We’re not doing anything new here. it’s all about using the right potatoes and the right method. A lot of different kitchens have a lot of different preparations.

This one works at home! it’s quite like the triple cooked process, but not as complex. We’ve got a small kitchen and it still works well , albeit, it can be a messy wee bastard. 


Equipment…

>Deep Fryer
>Blender
>Colander



The Recipe


Stage #1
>The Prep

Totties

5 Large Albert Bartlett Rooster Potatoes 

Maldon Salt 
2kg Beef Dripping/Groundnut Oil

  • Peel and cut your Potatoes into decent sized wedges.

  • Place into a large bowl, enough to hold all the chips, and cover with cold water (Keep the tap running for 5-10 minutes, moving the Totties every couple of minutes).

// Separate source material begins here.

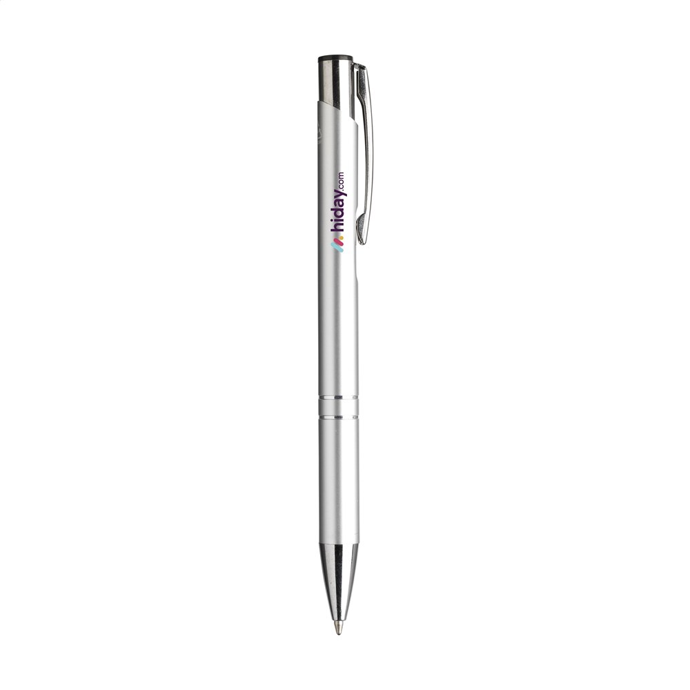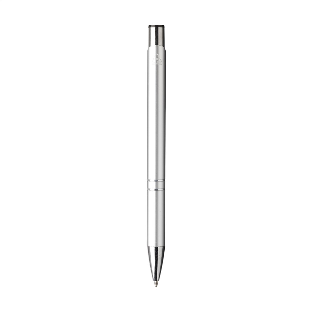 Blauschreibender Kugelschreiber aus recyceltem Aluminium. Der Halter ist mit einer wunderschön glänzenden Oberfläche im Metallic-Look versehen. Mit Metallclip. Durch die Verwendung von recyceltem Aluminium werden bei der Herstellung dieses Produkts weniger neue Rohstoffe verwendet. Das bedeutet weniger Energieverbrauch und weniger Wasserverbrauch.

  • Put the Potatoes into a large pot, cover with cold water, and fuck in a good amount of salt

  • Put your pot on a high heat and cook the Potatoes til’ soft, 5 minutes or so, before falling apart. 

  • Drain in a colander and let them steam dry for 5 minutes

  • Give them a little shoogle, place them onto a baking tray, and put them in the fridge for 20 minutes. 

  • Preheat the fryer to 140ºc, (Preferably using Beef Dripping as it has the best flavour - Melt it down in a pot before adding to the fryer).

    If you have no access to Beef Dripping or you’re a Vegetarian, get some Groundnut Oil and use that, pick some up from you’re local fancy shop like Waitrose and the like!

  • Cook the Chips for 10 minutes, until there looks like there is a little skin on the surface.

  • Bring them up, leaving to cool in the basket for 30 minutes.

 

 

Stout Mayo

1 Bottle of Dark, heavy flavoured, Stout
> (Profanity Stout is Class)
1 Egg Yolk
1 Egg
15g French Mustard
15g Malt Vinegar 
5g Dark Soy Sauce
500g Vegetable Oil

Table Salt
Lemon Juice

  • Pour your Beer into a pot much larger the you need - it will foam up like a motherfucker!

  • On a medium to high heat, reduce the Beer down to 25 ml, it will taste very bitter and strong, pretty much unpalatable. Leave to one side. 

  • Place your Egg, extra Yolk, Vinegar, Mustard and Stout Reduction into a blender. Once mixed together, very slowly in a long and continuous stream pour in the Oil. If everything has went according to plan it will look like a mayonnaise!

  • Once fully incorporated season with Salt and a little bit of Lemon Juice to taste. 

 

 

Pickled Red Onion

1 Red Onion
150g Malt Vinegar
150g Sugar
100g Water
10g Table Salt

  • Peel and slice the Onion into thin rings.

  • Take the membrane off of the Onion Rings too, and place into a container.

  • Place the rest of the ingredients into a pot and bring to the boil.

  • Pour your pickle mix over the Rings and leave to cool. 

 

 

Deep Fried Thyme

15g Fresh Thyme

Maldon Salt

  • Preheat the fryer to 180ºc.

  • Drop in the Thyme and fry for 5 seconds. Lift and drain.

  • Season with Maldon Salt and shape into a small sphere type shape. 


Stage #2
>Cook it baby!

 
  • Crank up the fryer to 190ºc and fry the Chips again. They will colour a lot more quickly this time so keep a close eye.

  • Take them out the fryer and drain.